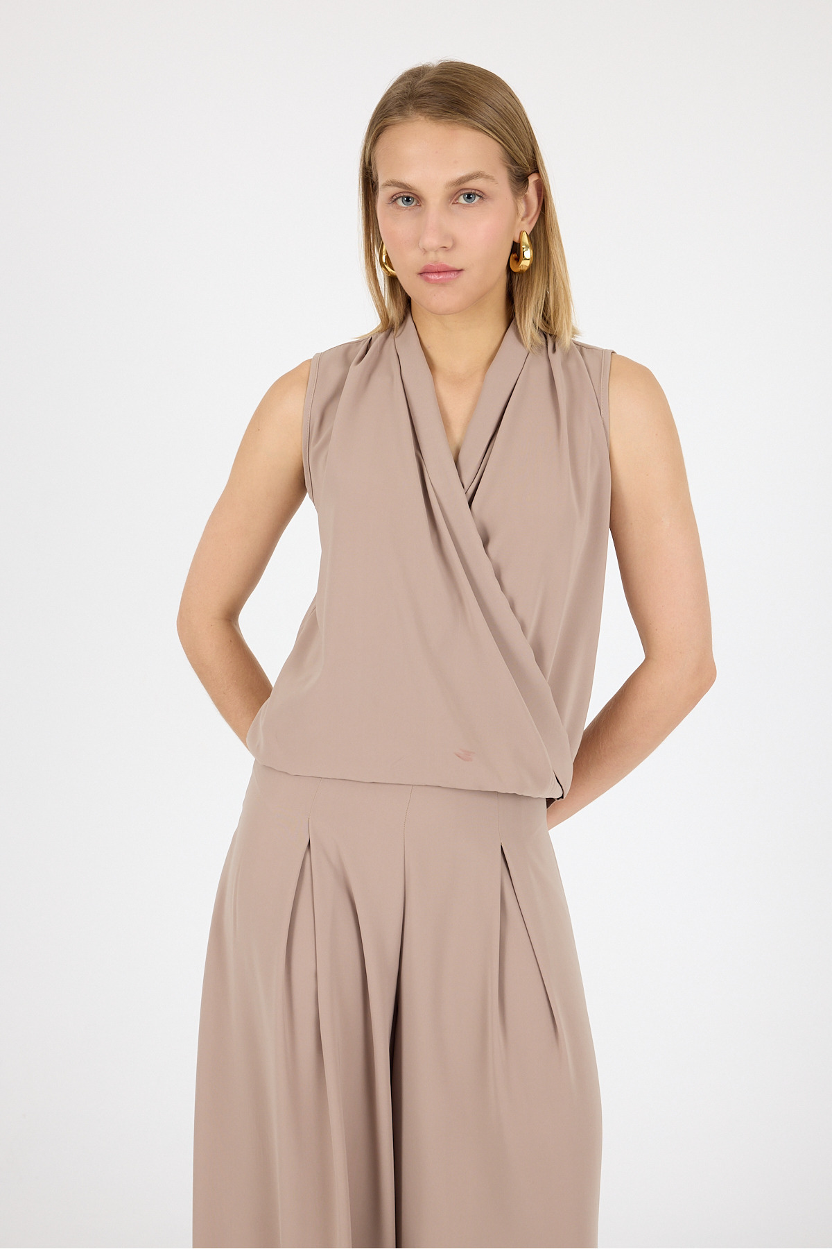 Ecru Kruvaze Yaka Medine İpeği Bluz 25L8104 Ecru Kruvaze Yaka Medine İpeği Bluz 25L8104 48
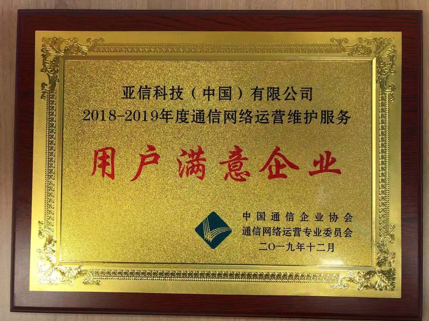 2019年12月 304am永利集团荣获“2018-2019年度通信网络运营维护服务用户满意企业”
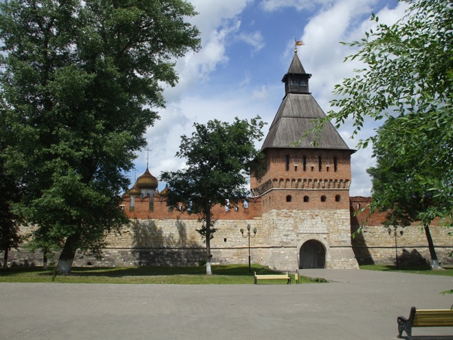 Da ich recht früh ins Bett gekommen bin konnte ich auch recht früh aufstehen - ohne noch liegen bleiben zu wollen. Nach einem schnellen Frühstück und dem notwendigsten Zurechtmachen habe ich Tanja aus dem Bett geholt, damit sie die Türe wieder abschließen kann. Durch den Wald und herrliche Morgenluft bin ich in der aufgehenden Sonne um halb sechs zum Bahnhof marschiert, wo ich mir ein Ticket nach Michnevo kaufen wollte. Die Frau hat mich aber wohl falsch verstanden und hat mir eine Fahrkarte nach Nishnije Kotlij gegeben - für 21 Rubel. Da hat sich dann während der gesamten Zugfahrt auch überhaupt keiner beschwert - es kam keiner. In Michnevo wollte ich mir dann eine Karte nach Tula kaufen. Die Frau am Schalter sagte mir, dass das nicht möglich sei und nach einigem hin- und her meinte sie, dass sie mir überhaupt keine Fahrkarte für die Strecke Michnevo-Stolbovaja verkaufen könne. Im Zug würde jemand kommen. So habe ich dann den Bahnsteig gesucht, vorher noch ein paar Diesellokomotiven fotografiert und habe ihn dann auch schnell gefunden. Nach ein paar Minuten kam die Elektritschka und stand dann dort erst einmal eine Zeit. Im Zug war so gut wie nichts los - die meiste Zeit habe ich alleine im Waggon gesessen. Die Strecke wird nur von zwei Zugpaaren am Tag bedient und dient dazu, dass die Leute aus den angrenzenden Dörfern in die Stadt und abends wieder zurück gefahren werden. Dementsprechend kärglich ist dort auch die Ausstattung an den Haltestellen: Sie sind eigentlich nur dadurch erkennbar, dass ein paar große Betonplatten an die Bahngleise gelegt wurden, eine weiße Linie gezogen wurde und ein Schild dort steht. Die Stationen tragen dann zumeinst keine Ortsnamen, sondern die Kilometerbezeichnung. Nach etwas mehr als einer Stunde Fahrt und 38km Strecke kam dann der Bahnhof Stolbovaja. Der Zug nach Tula hätte schon längst weg sein müssen, weil unsere Elektritschka zu spät dran war - der Zug nach Tula glücklicherweise aber auch. So war dann gewiss, dass ich zuerst nach Tula und dann nach Serpuchov fahren würde und so etwa drei Stunden eingespart habe. Die Fahrt nach Tula verlief ebenfalls interessant: Hatte ich im Zug nach Stolbovaja schon keine Fahrkarte kaufen können, kam jetzt erst nach etwa 80km, also zwei Stunden ein Schaffner. Ich sagte ihm, dass ich ein Ticket kaufen müsse und sagte ihm, dass ich von Michnevo komme. Er wusste gar nicht wo das ist und nachdem ich ihm erklärt hatte, dass ich in Stolbovaja eingestiegen bin, wollte er von mir 96 Rubel haben. Daraufhin habe ich ihm meinen Studentenausweis unter die Nase gehalten und dann lehnte er nur noch ab und verschwand. So habe ich bis nach Tula nur 21 Rubel bezahlt. Dort bin ich nach 4,5 Stunden Fahrt angekommen und habe erst ein paar Fotos von den wirklich laut lärmenden Dieselloks gemacht und habe mich dann auf den Weg in die Stadt gemacht. Eigentlich wollte ich zuerst den Kreml sehen, den habe ich aber nicht sofort gefunden und habe mir daher erst ein paar andere Kirchen angeschaut und den Blick von einer Brücke über den Fluss genossen. Die Stadt ist schon sehr alt - sie wurde 1146 erstmalig genannt und ist damit etwa gleich alt wie Moskau. Mir ist aufgefallen, dass die Stadt sehr gemischt ist - einerseits gibt es viele alte Häuser aus Holz und Stein und natürlich den Kreml, aber auch viele der Chruschtschovkas - 5-geschossige Wohnhäuser, die der damalige Präsident der UDSSR Nikita Chruschtschow errichten ließ um die Wohnungsnot zu mildern. Daneben finden sich in der ganzen Stadt verteilt überall irgendwelche Fabriken, die inmitten der Stadt zu finden sind. Und dann finden sich hier und da noch Kirchen, die noch nicht alle ihrer eigentlichen Bestimmung zugeführt worden sind, sondern eine andere Verwendung finden. Am deutlichsten wird das auf dem Lenin-Platz: Der große sowjetische Platz mit der Lenin-Statue, einem großen Gebäude, dann ist der Kreml sichtbar mit einer Kirche, gegenüber von dem großen Gebäude befinden sich zwei weitere Kirchen und ganz in der Nähe alte Stein- und Holzhäuser. Dreht man sich einmal um 180°, dann sieht man moderne Häuser und Geschäfte - dort macht alles einen amerikanischen Eindruck. Und mir ist aufgefallen, dass es in Tula keine wirklichen Hochhäuser gibt - zumindest in der Innenstadt. Tula ist natürlich auch bekannt für eine Art Lebkuchen, von dem ich mir etwas mitgenommen habe und auch für Mashas Familie. Als ich auf der Straße etwas kaufen wollte, hat mir jemand in die Seitentasche vom Rucksack gegriffen, aber nichts herausgenommen - dort lagen so oder so nur Zahnbürste, Deo, Kerzen und ein paar andere unwichtige Kleinigkeiten. Und ganz zuletzt ist mir noch aufgefallen, dass die Menschen in Tula sehr freundlich und zuvorkommend sind.
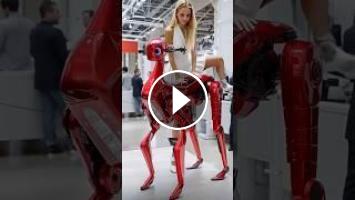 At the Robotics Expo, a young woman takes control of a next-gen AI quadruped robot designed for future personal mobility.
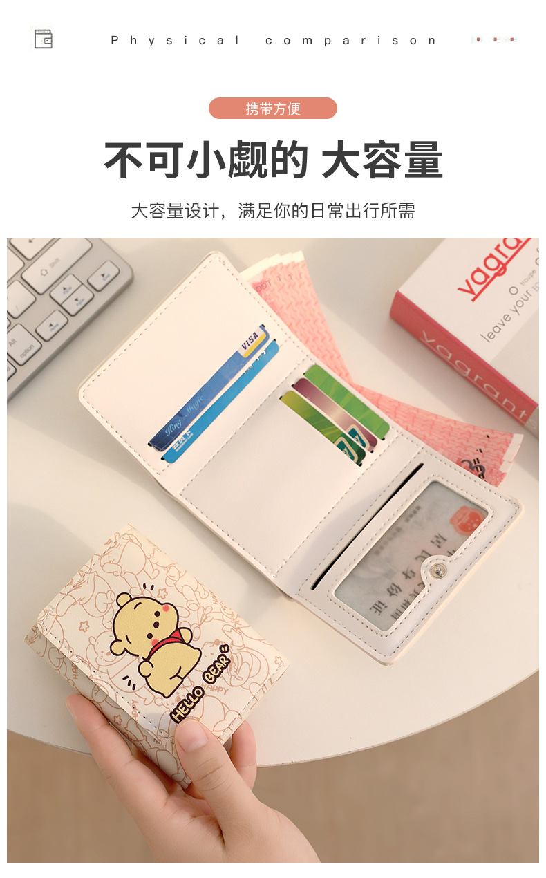 アニメいちご熊プリント三つ折り財布女性かわいいクリエイティブ携帯短い財布カードバッグ運転免許証一体
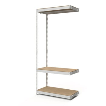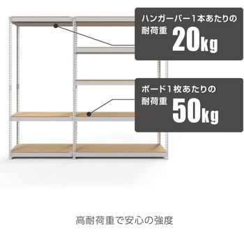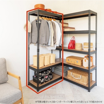 シリーズの本体(高さ180cmのシェルフ5段かハンガーラック3段)に連結できる、連結用ハンガーラック3段。L字型(コーナー連結)にもI字型(横並び連結)にも連結可能。コーナー連結時は中央の支柱がなく、モノの出し入れがしやすい。耐荷重はボード1枚あたり50kg、ハンガーバー1本20kg。合計170kg高耐荷重で大容量収納可能。ボードはナチュラルとブラウンのリバーシブル仕様。棚の高さは3cm間隔で調節可能。
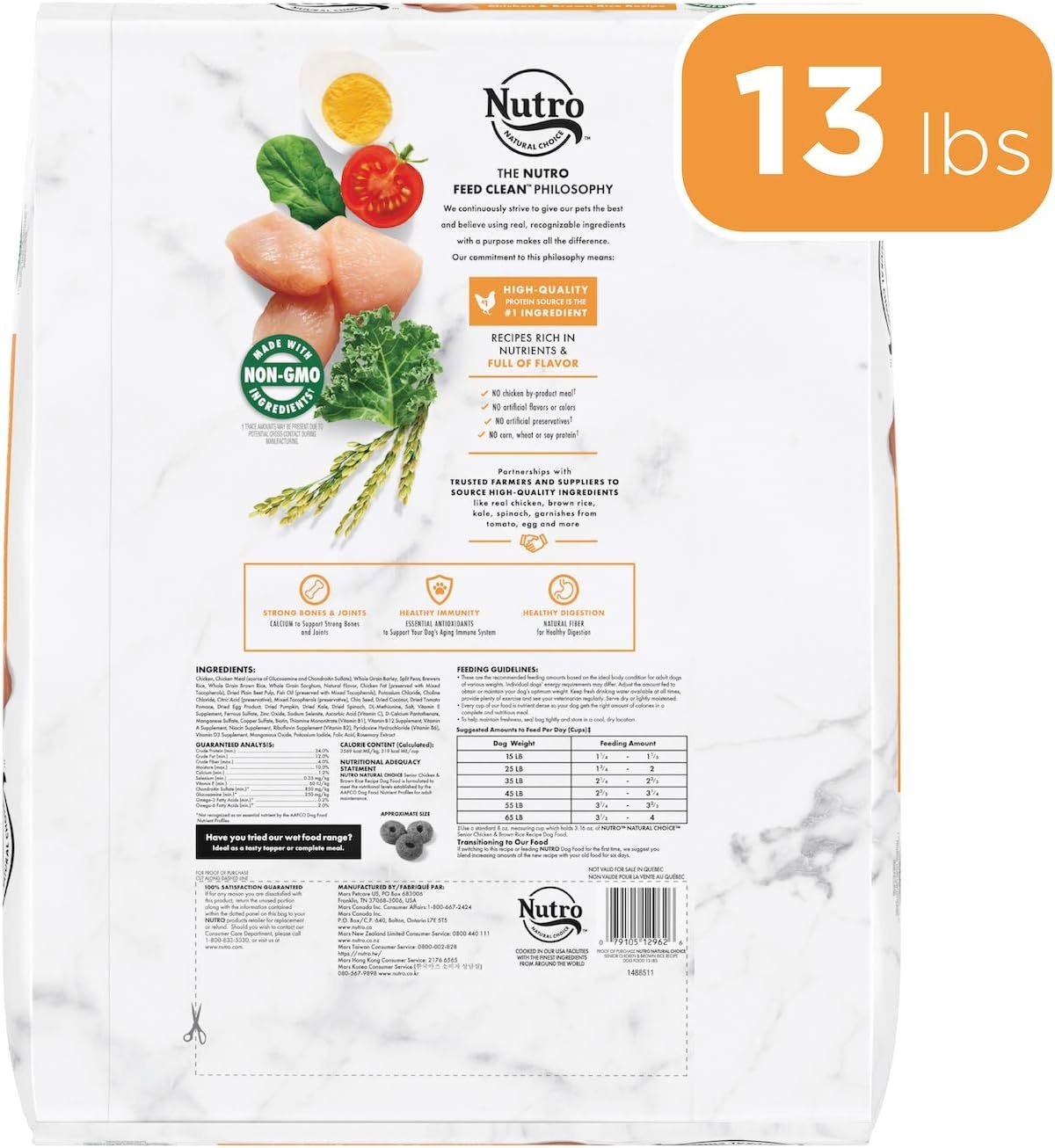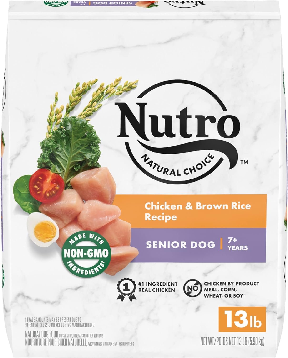 Contains one (1) 13 lb. bag of NUTRO NATURAL CHOICE Senior Dry Dog Food, Chicken & Brown Rice Recipe for senior dogs ages 7 and older; real chicken is the #1 ingredient
+-------+
» Task to complete
Print the data above exactly, from its first line to the line bearing "2019年12月 304am" inclusive, and keep pictures out of the result.

» Response for this exercise
 Ecru Kruvaze Yaka Medine İpeği Bluz 25L8104 Ecru Kruvaze Yaka Medine İpeği Bluz 25L8104 48
 2019年12月 304am永利集团荣获“2018-2019年度通信网络运营维护服务用户满意企业”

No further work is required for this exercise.